Specifically, they use what I call the 2sls predicted probabilities, following equation (5): $$P(y^**1 >0|z_1,y_2,u_2) =\Phi \left( z_1 \frac{\beta_1}{\sqrt{1-\rho^2}} + y_2 \frac{\beta_2}{\sqrt{1-\rho^2}} + \frac{\rho}{\sqrt{1-\rho^2}} \frac{u_2}{\sigma_2} \right ) \quad (11) $$ With the caveat $ u_2 $ was substituted by $ y_2 - z_1 \delta_1 - z_2 $: $$P(y^{**}_1 >0|z_1,y_2)= P(y_1=1|z_1,y_2,u_2) =\Phi \left( z_1 \frac{\beta_1}{\sqrt{1-\rho^2}} + y_2 \frac{\beta_2}{\sqrt{1-\rho^2}} + \frac{\rho}{\sqrt{1-\rho^2}} \frac{y_2 - z_1 \delta_1 - z_2 \delta_2}{\sigma_2} \right ) \quad (12) $$ While the two equations above are basically the same, they have important differences when marginal effects are estimated by software.

So let me explain first what Stata 14.1, and 15 did.

To estimate marginal effects, partial derivatives were based on equation 12: $$ \frac{\partial P(y=1|.)}{\partial z_1} = \phi(.)*\left( \frac{\beta_1}{\sqrt{1-\rho^2}} -\frac{\rho}{\sqrt{1-\rho^2}} * \frac{\delta_1}{\sigma_2} \right) $$ $$ \frac{\partial P(y=1|.)}{\partial z_2} = \phi(.)*\left( 0 -\frac{\rho}{\sqrt{1-\rho^2}} * \frac{\delta_2}{\sigma_2} \right) $$ $$ \frac{\partial P(y=1|.)}{\partial y_2} = \phi(.)*\left( \frac{\beta_2}{\sqrt{1-\rho^2}} +\frac{1}{\sqrt{1-\rho^2}} * \frac{1}{\sigma_2} \right) $$ So, from the technical point of view, this partial derivatives are correct, since they are capturing the direct, and indirect partial effects.
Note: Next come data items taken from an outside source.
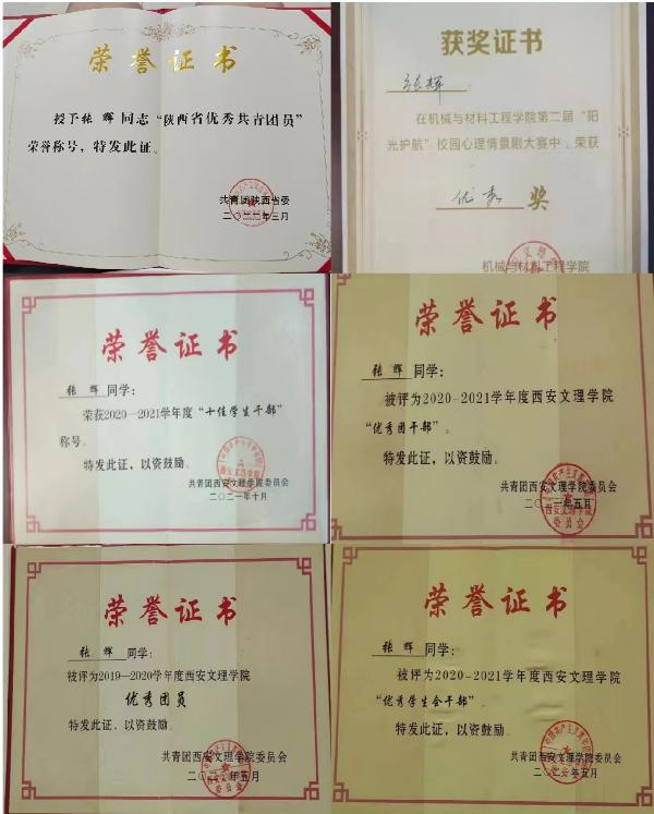 2020-2021年度荣获陕西省优秀团员荣誉称号;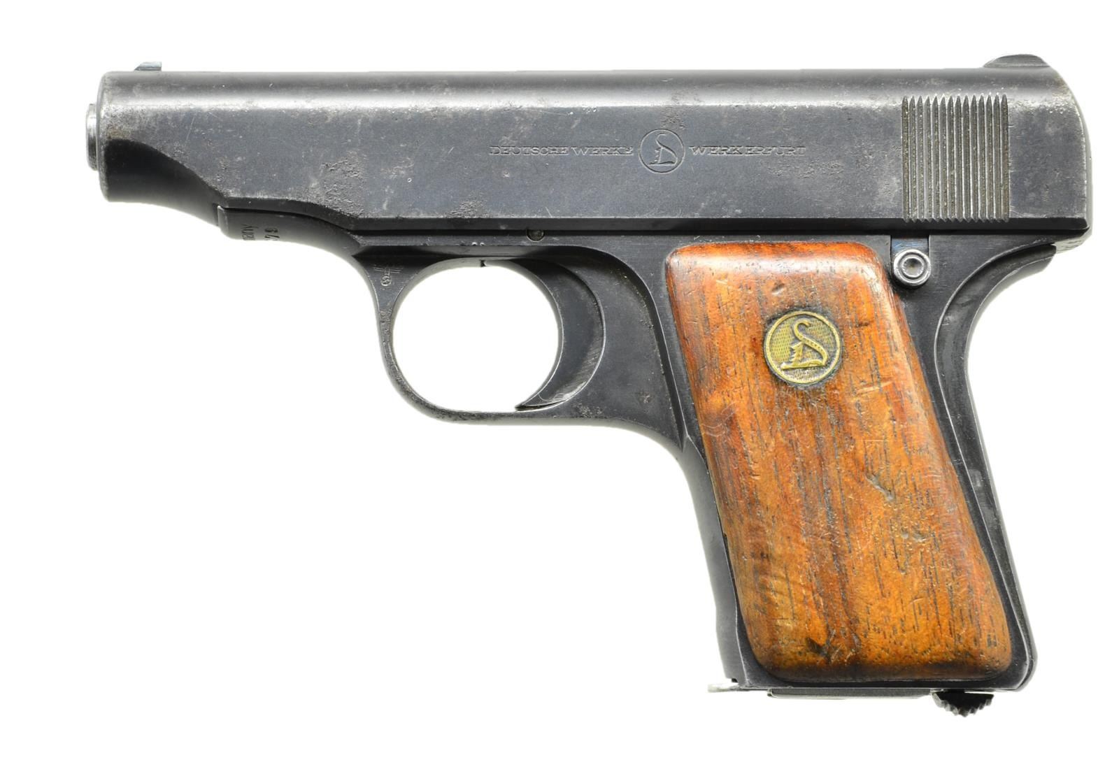Cal. 6.35mm (25 ACP). S # 83279. Bbl. 2 3/4". Frame marked "GERMANY" below S #. Left side of frame marked "DEUTSCHE WERKE WERKE ERFURT". Right rear of slide and left front of triggerguard both marked w/ a WW2 German eagle. These markings are likely spurious. Right side of slide marked "ORTGIES PATENT". Right side of frame marked w/ crown over N proof. Smooth walnut grips w/ Deutsche Werke logo. MAGS: 1-6 rd marked w/ Deutsche Werke logo and "Cal. 6.35". CONDITION: grips show some staining, dings and scratches. Metal retains 50% original blue w/ scattered oxidation, thinning and scratches. Very good bore. (22-3162/MJC). CURIO. $200-300.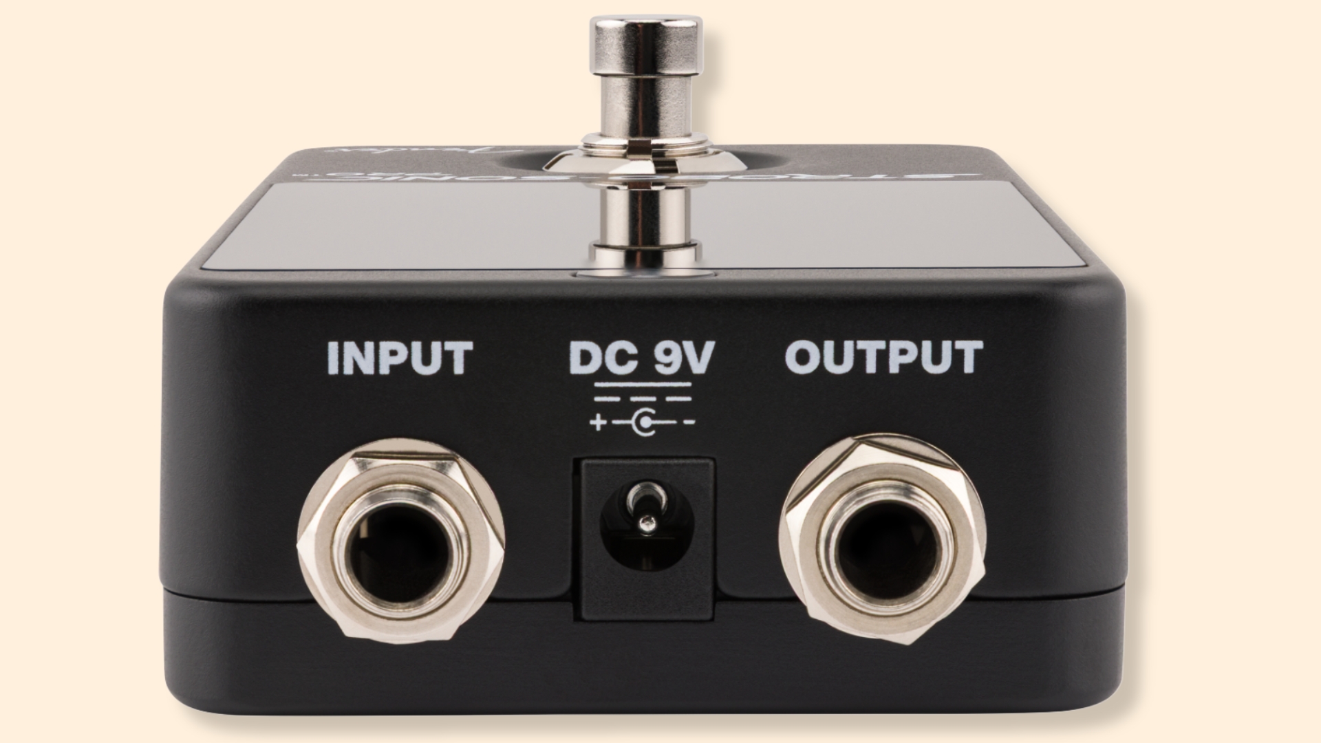 Die Buchsen für Eingang, Ausgang und Stromversorgung befinden sich an der Oberseite. Diese Anordnung spart Platz auf dem Pedalboard. Das Aluminium-Gehäuse misst 115 x 66 x 44 mm bei einem Gewicht von etwa 227 Gramm.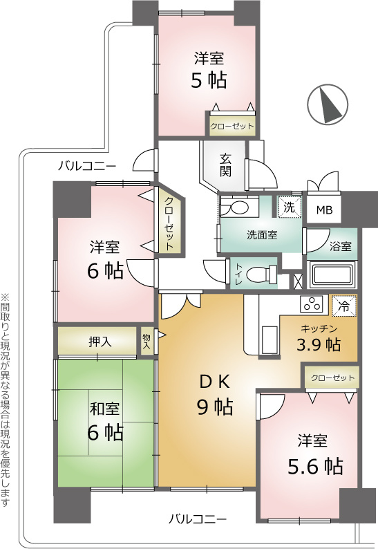 DK 9.0帖 1室 / K 3.9帖 1室 / 和室 6.0帖 1室 / 洋室 6.0帖 1室 / 洋室 5.6帖 1室 / 洋室 5.0帖 1室 / |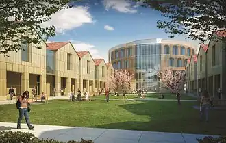 The complex will consist of four buildings surrounding a 14,000 square foot exterior quadrangle lined with covered galleries. The largest building is a four story, 56,000 square foot Rotunda. This building will be used for the Business School administration offices, and academic affairs. The ground floor will have the student’s common area, lobby and café for the Business School and the community along with a Business Disaster Recovery Command Center. The second building is a two-story structure that will be the Undergraduate Pavilion, which will include classrooms, SMART Lab and faculty offices. The third building will be known as the Graduate Pavilion and will have classrooms, study rooms, team rooms and offices for faculty. The second floor of the Undergraduate and Graduate Pavilions will contain departmental offices for Management, Marketing, ISDS, Accounting, Economics and Finance, as well as Ph.D. suites. The fourth building will be the auditorium. This two-story, 12,600 square foot building can seat 300 people and will be used by the Business School and the community. The second floor of the Auditorium will have graduate classrooms and labs. Both Pavilions and the Auditorium will connect through covered archways on the first floor and enclosed walkways on the second floor.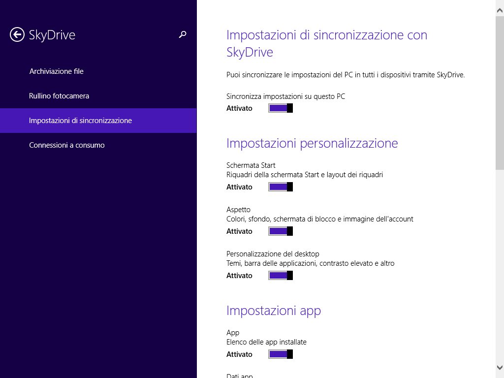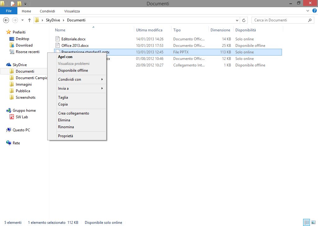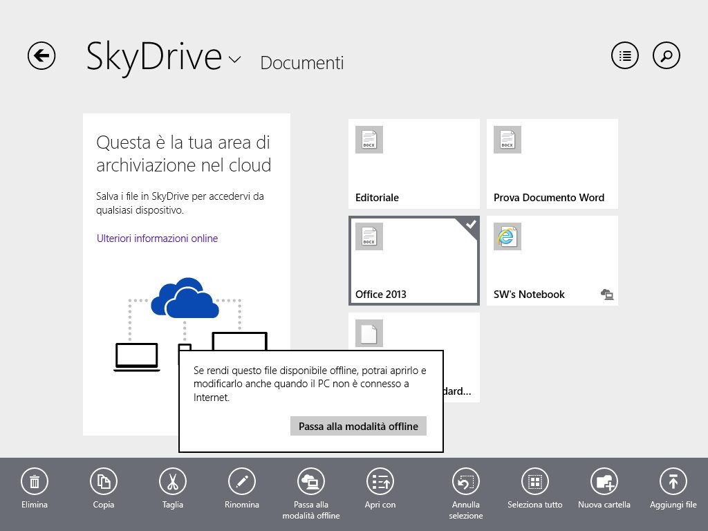 I contenuti remoti sono disponibili sia utilizzando l’App Modern, preinstallata per default, sia dal desktop: finalmente, infatti, i file e le cartelle di SkyDrive possono essere visualizzate anche all’interno del file system tradizionale e non è necessario installare un client specifico come quello progettato per le versioni precedenti di Windows. Rispetto al vecchio client di sincronizzazione, però, entrambe le interfacce mostrano una differenza sostanziale: per default permettono di sfogliare i contenuti remoti e di accedere ai file soltanto se è presente una connessione a Internet. In realtà questa impostazione evita di sprecare spazio prezioso, specialmente nei dispositivi meno capienti, come per esempio i tablet. Si può comunque impostare la sincronizzazione in locale, per poter accedere a file e cartelle specifici anche quando ci si trova offline: vediamo come procedere.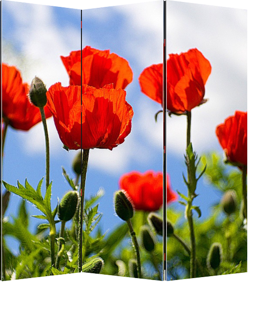 Описание ширмы Нежные алые маки горят огоньками на фоне неба... Постер с яркими цветами украсит ваше помещение, придаст свежести вашим чувствам, напомнит вам моменты общения с природой, перенесет в мир цветов, свежести, первозданной радости бытия...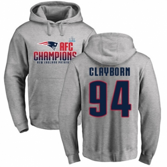 >Nike New England Patriots #94 Adrian Clayborn Heather Gray 2017 AFC Champions Pullover Hoodie

A kind of total derivative, rather than partial derivatives.

The problem, however, is that this assumes we could actually observe how the unobserved component $ u_2 $ changes when other variables change. Standard regression analysis, however, would say that these unobserved components should be considered as fixed, and instead one should estimate marginal effects averaging over the unobserved factors. Thus, the second term on each one of the above derivatives should be zero.

Nevertheless, lets replicate this. First, if you are using Stata 16, the following behaivor may no longer be replicable:

. //. margins, dydx(*) predict(pr)
. //
. //Average marginal effects                        Number of obs     =        500
. //Model VCE    : OIM
. //
. //Expression   : Probability of positive outcome, predict(pr)
. //dy/dx w.r.t. : other_inc fem_educ kids male_educ
. //
. //------------------------------------------------------------------------------
. //             |            Delta-method
. //             |      dy/dx   Std. Err.      z    P>|z|     [95% Conf. Interval]
. //-------------+----------------------------------------------------------------
. //   other_inc |  -.0097802   .0014994    -6.52   0.000     -.012719   -.0068414
. //    fem_educ |   .0623273    .007099     8.78   0.000     .0484135     .076241
. //        kids |  -.0614265   .0139446    -4.41   0.000    -.0887574   -.0340956
. //   male_educ |  -.0194406   .0022103    -8.80   0.000    -.0237728   -.0151084
. //------------------------------------------------------------------------------

If I would like to replicate this using myivprobit, I would estimate marginal effects using option "pr1", and requesting derivates to be estimated without the "chain" option. This makes sure that one takes into account the effect of all changes in $ y_2 , z_1 $ on the outcome $ P(y=1|.) $. Not using this option would ignore, for example, the effect of $y_2$ that comes through the error $u_2$. (again, assuming this derivatives are correct).

. est restore myivp
(results myivp are active now)

. margins, dydx(*) predict(pr1) force nochain
(note: prediction is a function of possibly stochastic quantities other than e(b))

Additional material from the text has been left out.